[Stored entries]

□ □ □

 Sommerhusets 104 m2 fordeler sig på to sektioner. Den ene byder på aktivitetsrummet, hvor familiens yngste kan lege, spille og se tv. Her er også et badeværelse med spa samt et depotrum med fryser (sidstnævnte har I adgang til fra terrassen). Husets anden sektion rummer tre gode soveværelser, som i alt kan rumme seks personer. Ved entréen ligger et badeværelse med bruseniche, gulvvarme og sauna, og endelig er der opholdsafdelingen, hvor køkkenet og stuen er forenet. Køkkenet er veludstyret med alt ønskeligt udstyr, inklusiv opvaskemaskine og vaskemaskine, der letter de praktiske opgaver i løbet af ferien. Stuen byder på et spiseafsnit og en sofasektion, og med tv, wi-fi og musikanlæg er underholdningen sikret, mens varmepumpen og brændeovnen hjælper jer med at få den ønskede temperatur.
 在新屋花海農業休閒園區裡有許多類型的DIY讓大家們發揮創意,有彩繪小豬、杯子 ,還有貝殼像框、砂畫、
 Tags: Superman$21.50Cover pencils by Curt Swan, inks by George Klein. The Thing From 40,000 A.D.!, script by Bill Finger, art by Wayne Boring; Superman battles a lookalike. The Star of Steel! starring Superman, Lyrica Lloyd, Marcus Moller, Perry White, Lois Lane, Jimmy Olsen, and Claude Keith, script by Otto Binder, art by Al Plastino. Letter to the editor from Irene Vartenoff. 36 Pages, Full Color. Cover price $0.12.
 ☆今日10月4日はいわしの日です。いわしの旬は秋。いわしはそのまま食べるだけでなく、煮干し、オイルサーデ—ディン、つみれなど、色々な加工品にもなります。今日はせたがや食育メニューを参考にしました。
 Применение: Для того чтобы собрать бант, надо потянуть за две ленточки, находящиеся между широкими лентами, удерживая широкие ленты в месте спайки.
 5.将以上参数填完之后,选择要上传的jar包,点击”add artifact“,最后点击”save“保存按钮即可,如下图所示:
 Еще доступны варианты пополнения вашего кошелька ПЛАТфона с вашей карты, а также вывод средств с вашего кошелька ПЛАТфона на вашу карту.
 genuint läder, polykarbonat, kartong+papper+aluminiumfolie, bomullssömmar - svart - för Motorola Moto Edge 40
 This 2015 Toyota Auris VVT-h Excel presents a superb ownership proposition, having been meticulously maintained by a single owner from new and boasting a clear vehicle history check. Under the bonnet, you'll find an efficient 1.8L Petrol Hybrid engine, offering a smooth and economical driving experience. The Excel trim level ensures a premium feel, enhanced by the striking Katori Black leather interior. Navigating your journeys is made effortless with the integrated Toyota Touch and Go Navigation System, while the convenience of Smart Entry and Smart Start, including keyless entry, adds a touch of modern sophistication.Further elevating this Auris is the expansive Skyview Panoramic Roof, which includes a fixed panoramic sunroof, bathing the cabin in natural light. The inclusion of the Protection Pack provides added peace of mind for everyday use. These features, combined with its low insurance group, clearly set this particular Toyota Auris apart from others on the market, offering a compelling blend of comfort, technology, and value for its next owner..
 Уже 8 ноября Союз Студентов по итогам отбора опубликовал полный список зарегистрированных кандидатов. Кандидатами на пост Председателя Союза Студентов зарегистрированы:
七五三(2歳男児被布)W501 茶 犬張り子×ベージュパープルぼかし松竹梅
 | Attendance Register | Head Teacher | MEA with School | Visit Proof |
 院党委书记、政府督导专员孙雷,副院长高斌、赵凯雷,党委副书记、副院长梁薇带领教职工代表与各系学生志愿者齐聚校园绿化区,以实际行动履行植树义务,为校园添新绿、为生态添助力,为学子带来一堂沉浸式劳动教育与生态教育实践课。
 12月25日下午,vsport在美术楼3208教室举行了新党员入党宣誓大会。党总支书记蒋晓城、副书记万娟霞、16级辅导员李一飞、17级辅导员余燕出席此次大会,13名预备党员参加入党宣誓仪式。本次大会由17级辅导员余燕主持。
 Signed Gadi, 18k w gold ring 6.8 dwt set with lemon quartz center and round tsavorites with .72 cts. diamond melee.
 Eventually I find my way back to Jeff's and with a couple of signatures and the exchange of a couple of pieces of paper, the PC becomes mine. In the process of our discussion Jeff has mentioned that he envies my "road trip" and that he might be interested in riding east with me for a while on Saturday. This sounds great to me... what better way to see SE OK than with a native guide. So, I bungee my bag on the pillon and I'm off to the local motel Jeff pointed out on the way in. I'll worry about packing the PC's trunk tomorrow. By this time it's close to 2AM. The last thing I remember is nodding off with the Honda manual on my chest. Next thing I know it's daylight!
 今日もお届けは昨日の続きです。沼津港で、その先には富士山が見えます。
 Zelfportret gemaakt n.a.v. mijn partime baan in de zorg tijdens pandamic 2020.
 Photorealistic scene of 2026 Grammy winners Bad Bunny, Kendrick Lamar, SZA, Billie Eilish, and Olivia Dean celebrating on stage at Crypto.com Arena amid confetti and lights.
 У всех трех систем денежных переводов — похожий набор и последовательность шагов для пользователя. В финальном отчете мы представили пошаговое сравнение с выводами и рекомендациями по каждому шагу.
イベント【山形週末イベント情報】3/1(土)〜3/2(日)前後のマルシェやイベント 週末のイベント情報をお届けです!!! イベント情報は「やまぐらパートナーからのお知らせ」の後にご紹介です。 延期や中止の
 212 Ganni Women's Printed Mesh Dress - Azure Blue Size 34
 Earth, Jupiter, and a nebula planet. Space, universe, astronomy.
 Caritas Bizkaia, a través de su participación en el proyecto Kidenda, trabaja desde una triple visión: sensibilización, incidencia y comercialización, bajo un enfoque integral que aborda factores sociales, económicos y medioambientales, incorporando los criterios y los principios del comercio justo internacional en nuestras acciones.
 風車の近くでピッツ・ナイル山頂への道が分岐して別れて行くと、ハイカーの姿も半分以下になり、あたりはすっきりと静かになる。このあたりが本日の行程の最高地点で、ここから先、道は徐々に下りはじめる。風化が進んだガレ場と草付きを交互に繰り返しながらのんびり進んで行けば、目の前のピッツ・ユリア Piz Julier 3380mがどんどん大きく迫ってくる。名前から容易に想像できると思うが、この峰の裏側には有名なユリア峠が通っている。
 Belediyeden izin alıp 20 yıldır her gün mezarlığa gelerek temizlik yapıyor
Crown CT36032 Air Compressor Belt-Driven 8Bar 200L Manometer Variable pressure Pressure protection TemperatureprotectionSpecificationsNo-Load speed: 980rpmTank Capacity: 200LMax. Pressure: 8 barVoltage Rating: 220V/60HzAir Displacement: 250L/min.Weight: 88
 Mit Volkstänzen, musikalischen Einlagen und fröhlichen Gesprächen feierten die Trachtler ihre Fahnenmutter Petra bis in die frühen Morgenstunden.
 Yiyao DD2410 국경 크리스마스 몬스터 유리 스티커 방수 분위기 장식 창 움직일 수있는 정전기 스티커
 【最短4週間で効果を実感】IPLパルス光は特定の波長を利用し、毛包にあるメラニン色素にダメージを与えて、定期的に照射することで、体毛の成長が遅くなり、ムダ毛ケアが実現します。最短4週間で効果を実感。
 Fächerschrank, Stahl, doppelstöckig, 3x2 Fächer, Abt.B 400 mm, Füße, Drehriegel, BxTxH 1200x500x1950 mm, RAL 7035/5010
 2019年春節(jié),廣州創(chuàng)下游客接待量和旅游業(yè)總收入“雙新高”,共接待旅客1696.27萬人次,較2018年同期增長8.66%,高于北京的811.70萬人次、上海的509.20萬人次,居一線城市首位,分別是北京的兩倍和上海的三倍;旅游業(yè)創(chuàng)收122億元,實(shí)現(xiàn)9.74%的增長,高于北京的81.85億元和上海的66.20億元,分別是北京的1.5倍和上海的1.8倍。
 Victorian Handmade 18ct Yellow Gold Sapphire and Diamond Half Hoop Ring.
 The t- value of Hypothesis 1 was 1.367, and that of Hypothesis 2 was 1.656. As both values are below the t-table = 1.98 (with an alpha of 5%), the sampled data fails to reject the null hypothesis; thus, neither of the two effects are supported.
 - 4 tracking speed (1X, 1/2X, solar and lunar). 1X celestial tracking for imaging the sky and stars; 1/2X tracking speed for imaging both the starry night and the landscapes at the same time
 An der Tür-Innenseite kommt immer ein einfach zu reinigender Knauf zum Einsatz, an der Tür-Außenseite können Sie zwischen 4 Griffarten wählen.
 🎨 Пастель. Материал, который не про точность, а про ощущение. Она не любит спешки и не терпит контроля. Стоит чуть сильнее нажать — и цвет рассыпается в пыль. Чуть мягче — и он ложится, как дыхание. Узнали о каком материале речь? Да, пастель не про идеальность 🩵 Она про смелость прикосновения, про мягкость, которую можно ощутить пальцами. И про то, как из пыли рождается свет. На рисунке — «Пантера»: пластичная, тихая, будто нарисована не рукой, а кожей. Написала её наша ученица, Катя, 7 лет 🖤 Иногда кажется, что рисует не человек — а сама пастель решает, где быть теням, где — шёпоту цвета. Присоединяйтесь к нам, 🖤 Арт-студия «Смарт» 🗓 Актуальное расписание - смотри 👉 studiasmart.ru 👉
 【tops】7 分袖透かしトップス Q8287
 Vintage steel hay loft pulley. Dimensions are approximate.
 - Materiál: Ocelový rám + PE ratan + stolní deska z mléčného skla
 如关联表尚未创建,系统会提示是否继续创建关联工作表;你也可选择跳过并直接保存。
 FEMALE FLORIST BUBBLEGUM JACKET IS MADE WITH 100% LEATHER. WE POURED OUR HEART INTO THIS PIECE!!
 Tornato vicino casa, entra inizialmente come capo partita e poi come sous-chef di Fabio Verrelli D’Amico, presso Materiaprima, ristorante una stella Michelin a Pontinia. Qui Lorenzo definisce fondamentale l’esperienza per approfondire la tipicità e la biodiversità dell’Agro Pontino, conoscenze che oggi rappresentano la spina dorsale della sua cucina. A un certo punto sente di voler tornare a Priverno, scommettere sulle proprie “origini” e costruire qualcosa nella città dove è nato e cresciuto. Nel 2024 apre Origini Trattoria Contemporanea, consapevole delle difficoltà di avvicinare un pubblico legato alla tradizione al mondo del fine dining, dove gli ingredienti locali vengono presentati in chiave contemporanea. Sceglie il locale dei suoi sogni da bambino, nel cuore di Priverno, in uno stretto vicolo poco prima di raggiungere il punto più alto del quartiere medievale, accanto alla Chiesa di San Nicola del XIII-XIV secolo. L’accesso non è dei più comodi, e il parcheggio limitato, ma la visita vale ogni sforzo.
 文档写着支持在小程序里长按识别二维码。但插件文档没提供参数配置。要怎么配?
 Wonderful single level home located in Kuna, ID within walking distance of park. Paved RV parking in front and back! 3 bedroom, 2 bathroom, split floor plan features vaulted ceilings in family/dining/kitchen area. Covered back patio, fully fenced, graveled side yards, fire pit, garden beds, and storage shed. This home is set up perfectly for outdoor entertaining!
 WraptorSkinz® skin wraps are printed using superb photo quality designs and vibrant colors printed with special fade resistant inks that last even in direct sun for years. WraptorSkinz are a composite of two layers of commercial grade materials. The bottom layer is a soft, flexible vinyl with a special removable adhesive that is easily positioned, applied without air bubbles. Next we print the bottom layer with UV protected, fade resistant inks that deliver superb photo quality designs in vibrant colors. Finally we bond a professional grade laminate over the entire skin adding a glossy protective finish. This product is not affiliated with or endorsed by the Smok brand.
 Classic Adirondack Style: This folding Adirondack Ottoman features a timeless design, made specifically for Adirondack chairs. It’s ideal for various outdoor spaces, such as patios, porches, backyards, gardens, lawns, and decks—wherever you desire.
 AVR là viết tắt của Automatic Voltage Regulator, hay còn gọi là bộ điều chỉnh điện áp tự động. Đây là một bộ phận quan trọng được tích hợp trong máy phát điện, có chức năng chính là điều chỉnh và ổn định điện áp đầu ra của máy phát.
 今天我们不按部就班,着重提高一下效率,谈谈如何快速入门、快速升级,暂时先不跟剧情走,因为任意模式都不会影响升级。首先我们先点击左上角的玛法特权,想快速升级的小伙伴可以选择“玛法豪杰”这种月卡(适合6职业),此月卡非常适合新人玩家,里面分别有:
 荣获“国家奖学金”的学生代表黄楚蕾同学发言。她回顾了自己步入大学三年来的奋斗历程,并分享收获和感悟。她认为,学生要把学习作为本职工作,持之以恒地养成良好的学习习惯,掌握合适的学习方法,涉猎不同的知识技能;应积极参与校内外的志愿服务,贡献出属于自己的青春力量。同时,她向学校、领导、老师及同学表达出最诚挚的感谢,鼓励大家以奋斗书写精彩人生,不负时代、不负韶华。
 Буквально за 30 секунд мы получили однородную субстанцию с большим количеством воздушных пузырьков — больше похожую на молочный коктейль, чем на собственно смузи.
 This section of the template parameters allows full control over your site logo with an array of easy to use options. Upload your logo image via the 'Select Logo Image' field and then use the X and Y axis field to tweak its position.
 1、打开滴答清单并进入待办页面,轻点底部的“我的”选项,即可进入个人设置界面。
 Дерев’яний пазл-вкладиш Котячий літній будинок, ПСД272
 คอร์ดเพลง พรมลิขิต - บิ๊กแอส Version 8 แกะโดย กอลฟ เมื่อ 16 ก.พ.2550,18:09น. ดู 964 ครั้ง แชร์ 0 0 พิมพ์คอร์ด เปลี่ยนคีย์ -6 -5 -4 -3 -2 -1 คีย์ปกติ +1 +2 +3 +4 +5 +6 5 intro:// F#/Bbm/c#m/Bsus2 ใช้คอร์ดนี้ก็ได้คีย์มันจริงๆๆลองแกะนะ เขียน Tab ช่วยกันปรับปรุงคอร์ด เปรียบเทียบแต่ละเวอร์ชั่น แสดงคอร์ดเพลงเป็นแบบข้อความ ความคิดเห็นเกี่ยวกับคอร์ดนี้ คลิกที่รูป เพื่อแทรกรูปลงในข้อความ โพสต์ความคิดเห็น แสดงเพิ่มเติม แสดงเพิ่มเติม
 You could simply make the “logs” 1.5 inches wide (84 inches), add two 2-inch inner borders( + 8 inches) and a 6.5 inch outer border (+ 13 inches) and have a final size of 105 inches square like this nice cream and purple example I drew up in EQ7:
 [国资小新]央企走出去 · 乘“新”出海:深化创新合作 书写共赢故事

□ □ □

* _Work request_
Could you please copy the lines above exactly, beginning at the first and ending at the line that contains "Moto Edge 40"?

* _Answer to the problem_
 Sommerhusets 104 m2 fordeler sig på to sektioner. Den ene byder på aktivitetsrummet, hvor familiens yngste kan lege, spille og se tv. Her er også et badeværelse med spa samt et depotrum med fryser (sidstnævnte har I adgang til fra terrassen). Husets anden sektion rummer tre gode soveværelser, som i alt kan rumme seks personer. Ved entréen ligger et badeværelse med bruseniche, gulvvarme og sauna, og endelig er der opholdsafdelingen, hvor køkkenet og stuen er forenet. Køkkenet er veludstyret med alt ønskeligt udstyr, inklusiv opvaskemaskine og vaskemaskine, der letter de praktiske opgaver i løbet af ferien. Stuen byder på et spiseafsnit og en sofasektion, og med tv, wi-fi og musikanlæg er underholdningen sikret, mens varmepumpen og brændeovnen hjælper jer med at få den ønskede temperatur.
 在新屋花海農業休閒園區裡有許多類型的DIY讓大家們發揮創意,有彩繪小豬、杯子 ,還有貝殼像框、砂畫、
 Tags: Superman$21.50Cover pencils by Curt Swan, inks by George Klein. The Thing From 40,000 A.D.!, script by Bill Finger, art by Wayne Boring; Superman battles a lookalike. The Star of Steel! starring Superman, Lyrica Lloyd, Marcus Moller, Perry White, Lois Lane, Jimmy Olsen, and Claude Keith, script by Otto Binder, art by Al Plastino. Letter to the editor from Irene Vartenoff. 36 Pages, Full Color. Cover price $0.12.
 ☆今日10月4日はいわしの日です。いわしの旬は秋。いわしはそのまま食べるだけでなく、煮干し、オイルサーデ—ディン、つみれなど、色々な加工品にもなります。今日はせたがや食育メニューを参考にしました。
 Применение: Для того чтобы собрать бант, надо потянуть за две ленточки, находящиеся между широкими лентами, удерживая широкие ленты в месте спайки.
 5.将以上参数填完之后,选择要上传的jar包,点击”add artifact“,最后点击”save“保存按钮即可,如下图所示:
 Еще доступны варианты пополнения вашего кошелька ПЛАТфона с вашей карты, а также вывод средств с вашего кошелька ПЛАТфона на вашу карту.
 genuint läder, polykarbonat, kartong+papper+aluminiumfolie, bomullssömmar - svart - för Motorola Moto Edge 40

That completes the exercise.